- [What is being asked] Would you write out the entries that follow word for word, omitting any images?

Saved entries
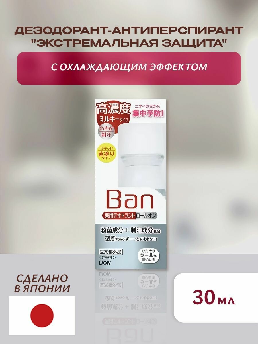 Дезодорант-антиперспирант LION "Ban" "Экстремальная защита" с охлаждающим эффектом, без аромата
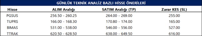 Günlük Teknik Analiz Bazlı Hisse Önerileri
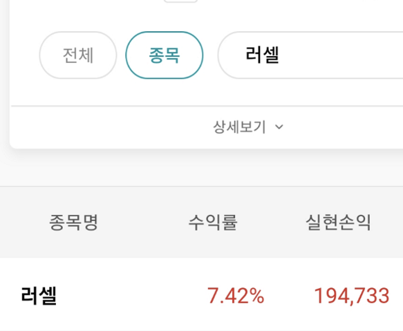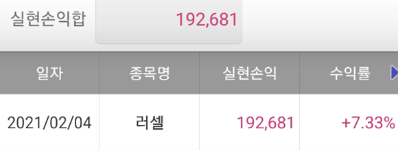 이방 입장후 첫 수익(러셀) 인증 올립니다.^^
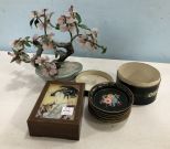 923 Faux Jade Tree, Chinese Trinket Box, and Japanese Hand Painted Coasters
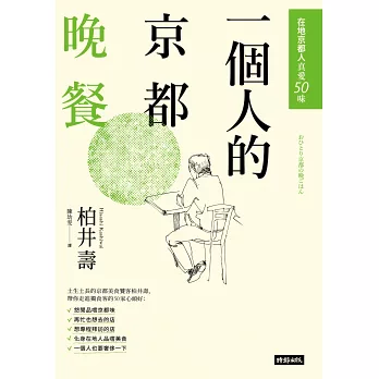 3.在一餐中品味京都的春夏秋冬、人情歷史:在柏井壽的引領下,與自己共進晚餐,無須壓抑,不用妥協,聆聽身體的渴望,想吃什麼就出發,按照自己的步調,品嚐京都五味——既嚐酸、甜、苦、辣、鹹,亦品美食的滋味、人情的韻味、傳統的風味、職人的脾味、景致的況味。京都的一人晚餐,就如春天的飛櫻、夏天的川涼、秋天的楓紅、冬天的初雪,一點一滴沁人心脾,令人回味無窮,身心皆受用。
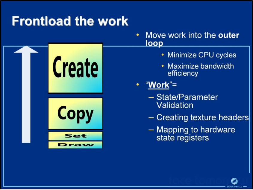 对于异步资源,使用Device的接口创建资源,所有接口都是线程无关的,使用良好的粒度同步图元。资源的上传和着色器编译可以同时发生。对状态和绘制提交,存在两个优先级,高优先级的是多线程的提交,专用的显示列表(display list),低优先级的是逐物体的显示列表,可多次重复使用。此外,DX11的显示列表是不可更改的。
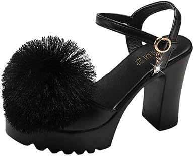 Dener Women Ladies Platform Wedge Sandals Chunky Heels Pom Poms
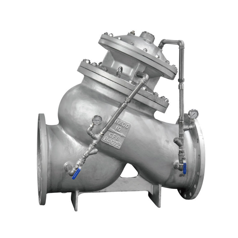 3、消除水錘和噪音:水泵停止運行時,主閥分兩級關閉,主閥瓣先快速關90%,小閥瓣再緩慢關閉(關閉速度可根據現場工況進行調節),從而消除了水錘和噪音。
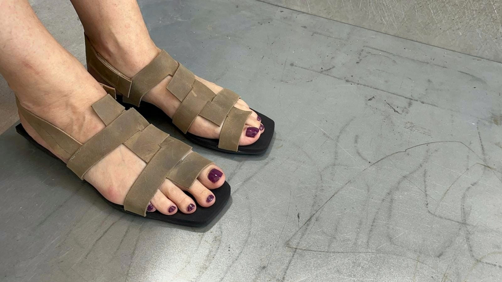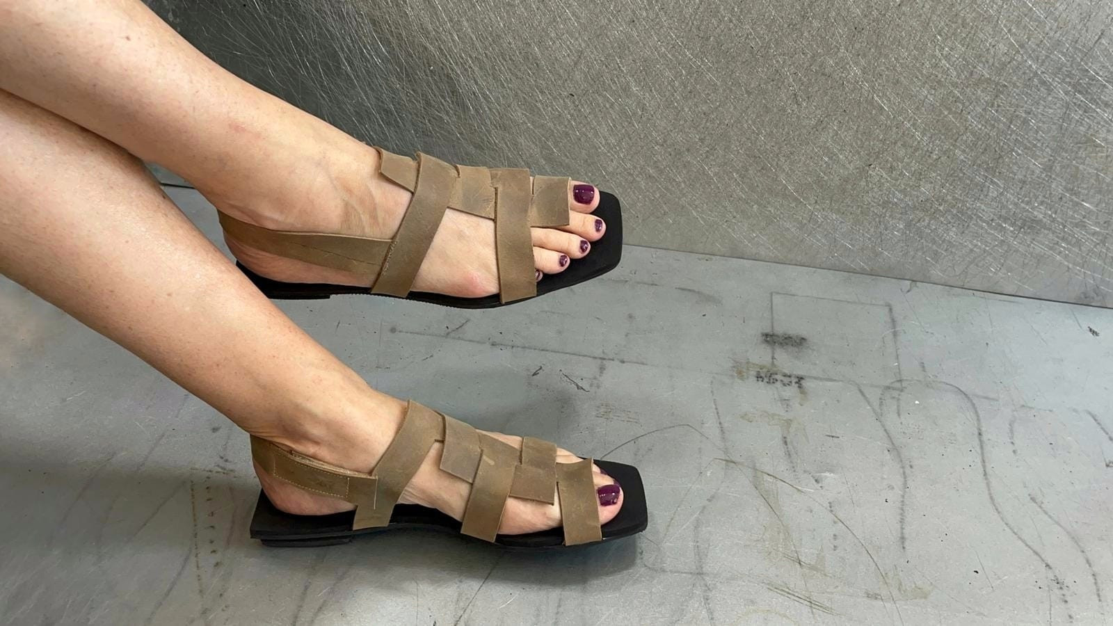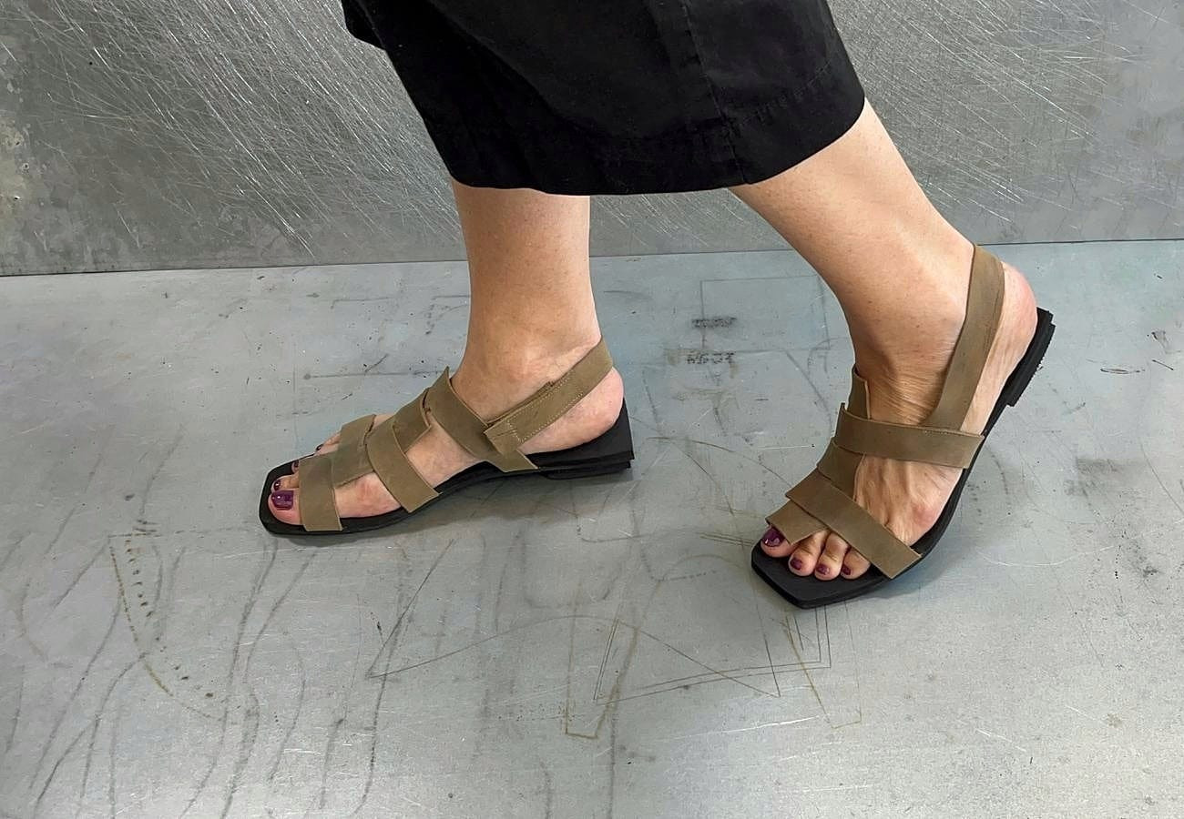 סנדל שטוח קלוע עם סגירת סקוץ'. רפידת ספוג גומי, עור נובוק.

- [Written solution]
 Дезодорант-антиперспирант LION "Ban" "Экстремальная защита" с охлаждающим эффектом, без аромата
 Günlük Teknik Analiz Bazlı Hisse Önerileri
 이방 입장후 첫 수익(러셀) 인증 올립니다.^^
 923 Faux Jade Tree, Chinese Trinket Box, and Japanese Hand Painted Coasters
 3.在一餐中品味京都的春夏秋冬、人情歷史:在柏井壽的引領下,與自己共進晚餐,無須壓抑,不用妥協,聆聽身體的渴望,想吃什麼就出發,按照自己的步調,品嚐京都五味——既嚐酸、甜、苦、辣、鹹,亦品美食的滋味、人情的韻味、傳統的風味、職人的脾味、景致的況味。京都的一人晚餐,就如春天的飛櫻、夏天的川涼、秋天的楓紅、冬天的初雪,一點一滴沁人心脾,令人回味無窮,身心皆受用。
 对于异步资源,使用Device的接口创建资源,所有接口都是线程无关的,使用良好的粒度同步图元。资源的上传和着色器编译可以同时发生。对状态和绘制提交,存在两个优先级,高优先级的是多线程的提交,专用的显示列表(display list),低优先级的是逐物体的显示列表,可多次重复使用。此外,DX11的显示列表是不可更改的。
 Dener Women Ladies Platform Wedge Sandals Chunky Heels Pom Poms
 3、消除水錘和噪音:水泵停止運行時,主閥分兩級關閉,主閥瓣先快速關90%,小閥瓣再緩慢關閉(關閉速度可根據現場工況進行調節),從而消除了水錘和噪音。
 סנדל שטוח קלוע עם סגירת סקוץ'. רפידת ספוג גומי, עור נובוק.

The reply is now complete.